Our sources say that the independent of audit of Spanish banks’ capital needs, the first phase of which is due by the end of the month, will be a key moment after which things could move quickly.
The hitch is that Madrid still doesn’t want the humiliation of asking for a bailout and Germany will not countenance the bloc’s rescue funds lending to banks direct. One possible solution floated last night — the EFSF or ESM bailout funds could lend to Spain’s FROB bank rescue fund, which could be viewed as tantamount to lending to the state but would give the government some political cover to say it wasn’t asking for the money. This is anything but a done deal and there would still be some strings attached which could be tough for Prime Mininster Mariano Rajoy to swallow.
Madrid has pressed for the ESM to be allowed to lend to banks direct but Berlin is opposed and even if it was agreed it would probably require another time-consuming round of euro zone parliamentary ratification. However, although the legal situation is murky it is possible that the ESM could lend to the FROB without its mandate officially having to be changed.
Today Spanish Economy Minister de Guindos meets his French counterpart Moscovici in Paris.
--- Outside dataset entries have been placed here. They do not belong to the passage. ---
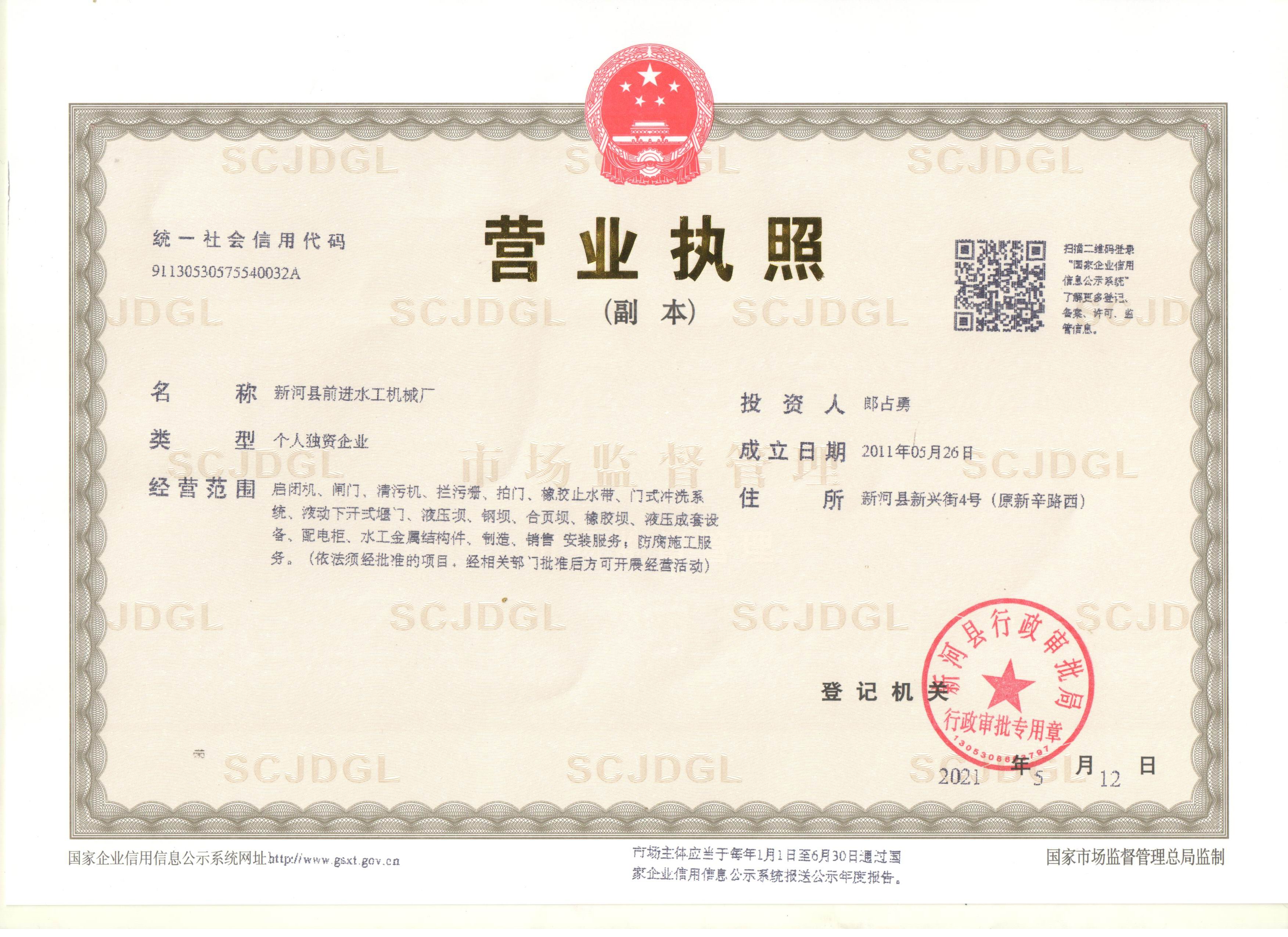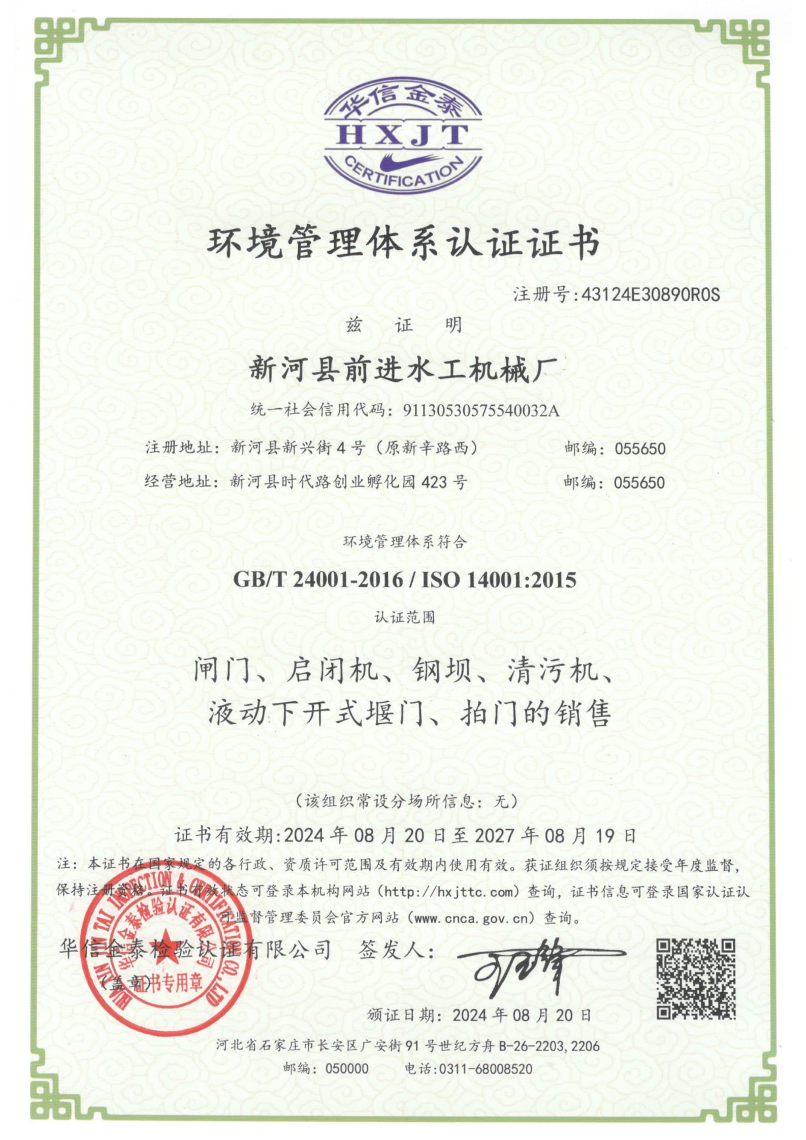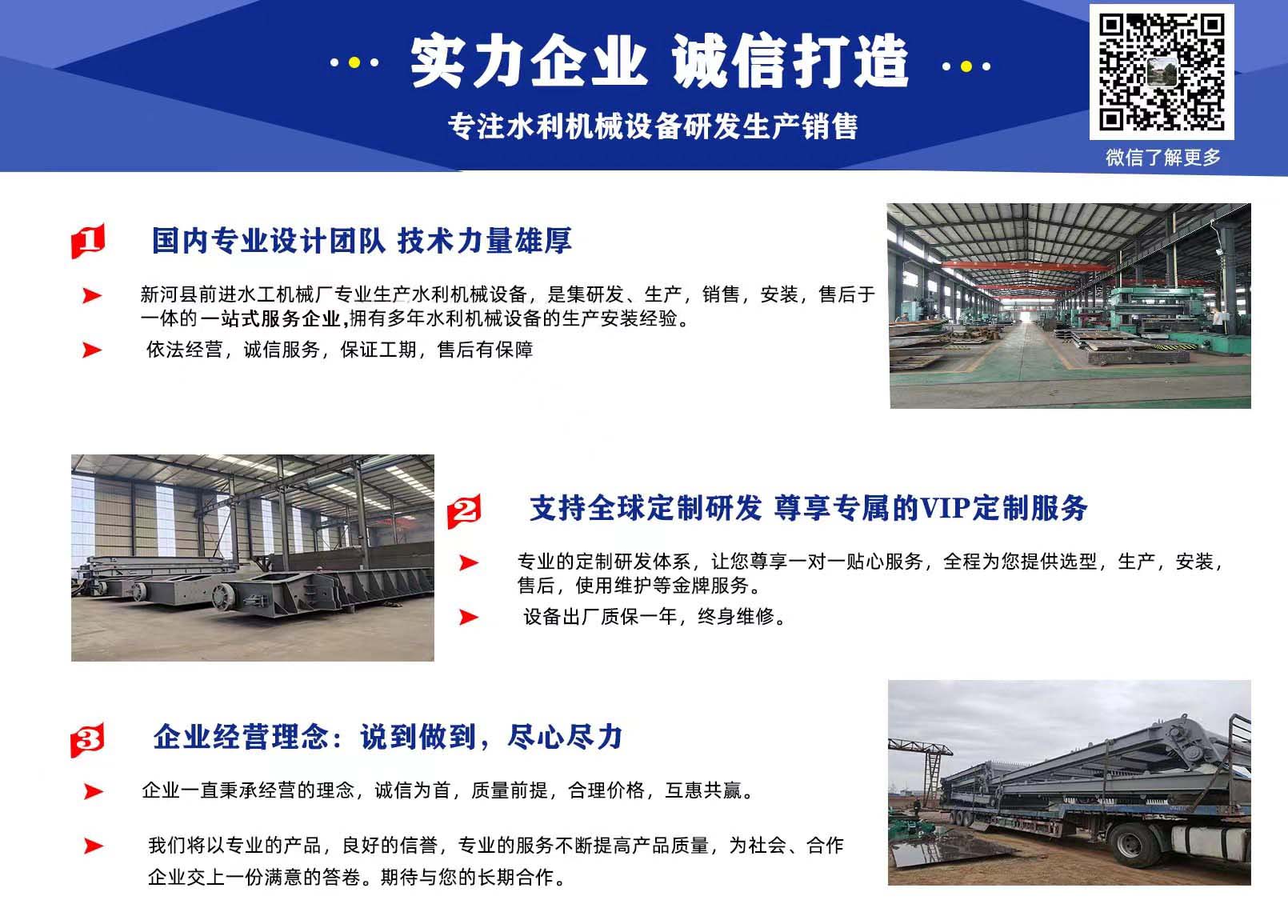 新河縣前進(jìn)水工機(jī)械廠是一家專門從事水利工程設(shè)備研發(fā)生產(chǎn)的廠家,現(xiàn)有員工228人,各類高、中級專業(yè)工程技術(shù)人員近30人,技術(shù)生產(chǎn)工人180多人。公司占地面積14674平方米。公司擁有車、鉗、刨、銑、冷作、鈑金、鑄造等,工種齊全,加工能力和技術(shù)力量雄厚,并具備理化測試手段與儀器設(shè)備。前進(jìn)水工專注景觀閘門,鋼壩,合頁壩,液壓升降壩,液壓閘門,臥倒門,一字門,人字門,液壓啟閉機(jī),卷揚(yáng)啟閉機(jī),螺桿啟閉機(jī),清污機(jī),除污機(jī),閘門,拍門等設(shè)備的研發(fā)與生產(chǎn),是新河水利工程產(chǎn)品行業(yè)的領(lǐng)跑者,不僅在同行業(yè)群中揭起了一次又一次的技術(shù)革新,更為水利工程企業(yè)提供了更高更大的選擇平臺。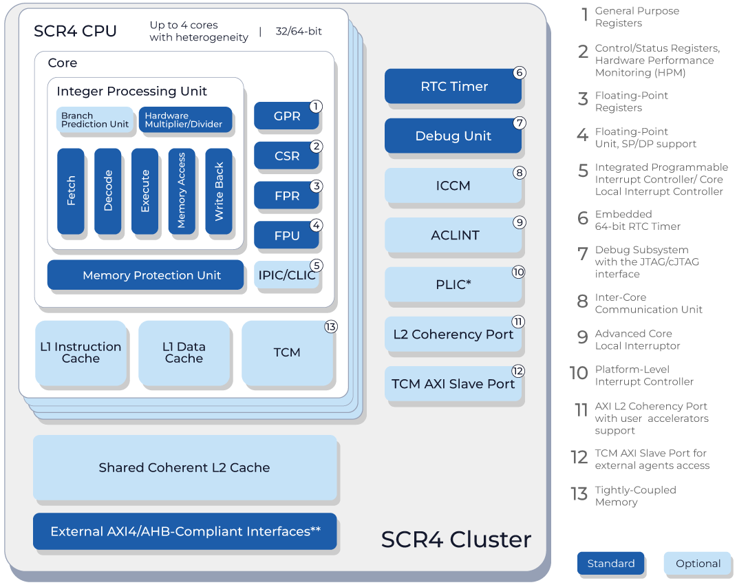 SCR4 核心完全支持 RISC-V 标准的 "I" 整数、"M" 整数乘法与除法、"A" 原子操作、"C" 16位压缩指令、"F" 单精度浮点、"D" 双精度浮点、"B" 位操作、"P" 打包SIMD(单指令多数据流)和 "K" 标量密码学扩展。SCR4 包含一个顺序执行的 5 级流水线、一个浮点单元、一个用于高效代码执行的分支预测单元、独立的 L1 指令和数据缓存、用于高效中断处理的 PLIC 或 IPIC 单元,以及行业标准的 AHB、AXI4、JTAG 和 cJTAG 接口,提高了灵活性和兼容性。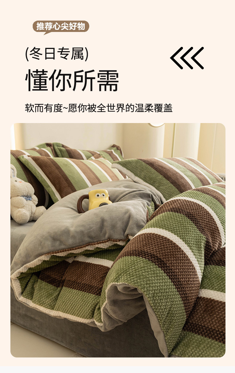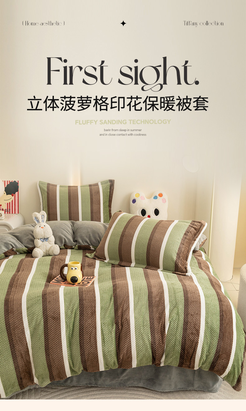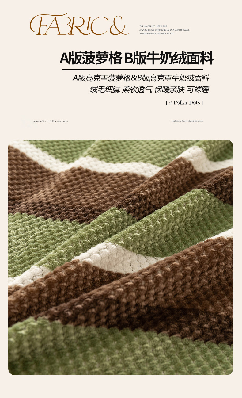 倾慕家纺 2026新款立体菠萝格印花保暖单被套 自由绿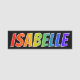 This fun, vibrant, multicolored name tag design features the common first name "ISABELLE", with the letters of the name having a colourful rainbow spectrum like gradient colouring pattern, on a black coloured background. A nametag like this might be worn by a staff member, a customer service representative, or an employee whose given name is Isabelle, to help identify the wearer to others. [~Z0000344]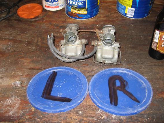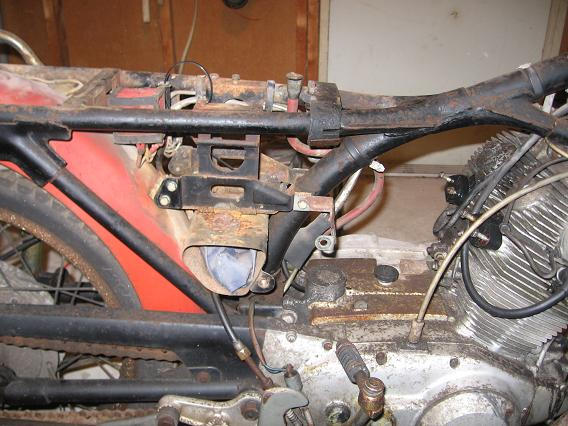 Update 3-19-07: Finally cleaned garage out, amazing how much stuff I have collected (just throw it all out). Well fighting my urge to totally strip the bike down and do a complete restore, I have come up with a strategy. I plan on getting the bike running mechanically sound drive it awhile and later on do a complete restore. Today I pulled the tank off and using the rust removal method I read in VJMC using pool chemicals and a battery charger. It is making bubbles and a nasty foam, I guess I will see if it works by tomorrow. Also I pulled the carb’s and disassembled, I will soak in carb. Clean tank at work. The bowl gaskets where glued on, so I do not know if they will survive the soak. If not I believe I can make some with gasket material. I pulled the battery and will try to match up one at the auto store (will find out). My biggest hurtles will be to get a key, I got her running by hot wiring. I will try the classified ads on VJMC. Lastly I need to get rims and tires. One last thing I will need is a seat. Will update as I progress.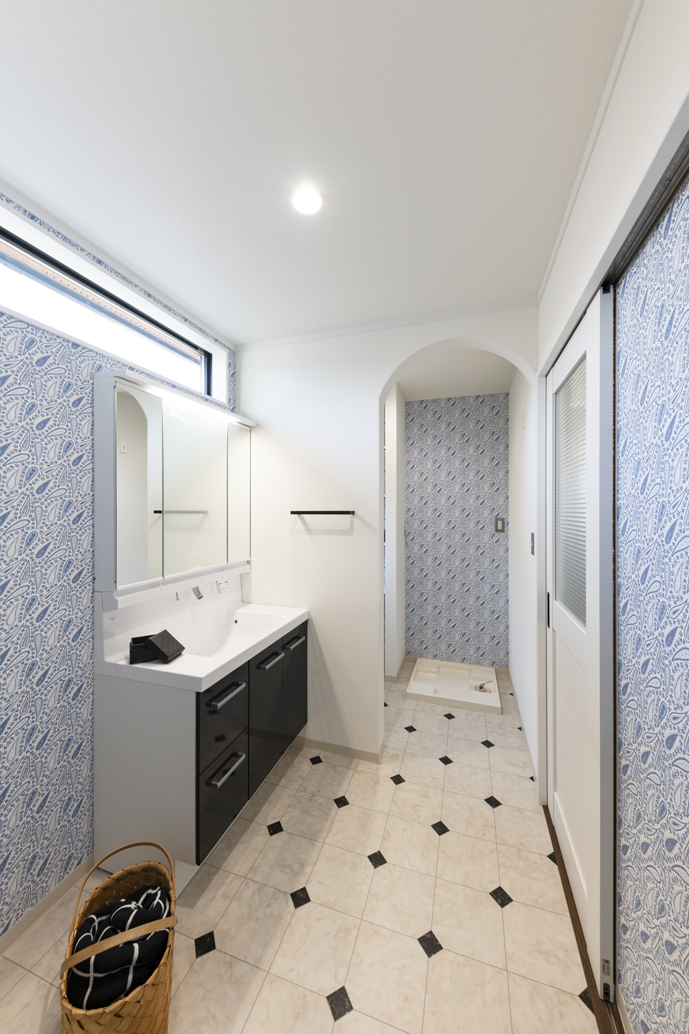 広々としたサニタリールーム。アーチ状の下がり壁の奥は、ランドリースペースになっています。上部に横長の窓を配置し、採光も確保しました。

Montoro startlingly ratcheted up the rhetoric yesterday saying Spain was effectively shut out of the bond market, amazing timing given there’s a Spanish bond auction on Thursday.
The big setpiece today is the ECB’s monthly policy meeting and despite an absence of action or even statement of intent from yesterday’s G7 conference call, German Bund futures are lower and European stocks are up nearly 1.0 percent just in case central bank action is in the offing.
They are likely to be disappointed today. The ECB’s new forecasts will doubtless predict a sharper downturn for the euro zone than previously but everything we hear tells us that it will wait until the June 17 Greek elections and end-of-month EU summit are out of the way before considering any action.
That summit will show EU leaders have got serious about a drive towards an economic union that would make the currency project durable but that is a long, long-term project. Merkel called last night for measures to free up labour mobility around Europe, so skills shortages in one area (Germany I guess) could be matched against high unemployment in another.
If and when the ECB does move, a rate cut and third round of three-year money creation look more likely than a revival of its government bond-buying programme. Coordinated action looks even less likely with two Fed governors yesterday saying the U.S. central bank was not preparing to ease policy later this month.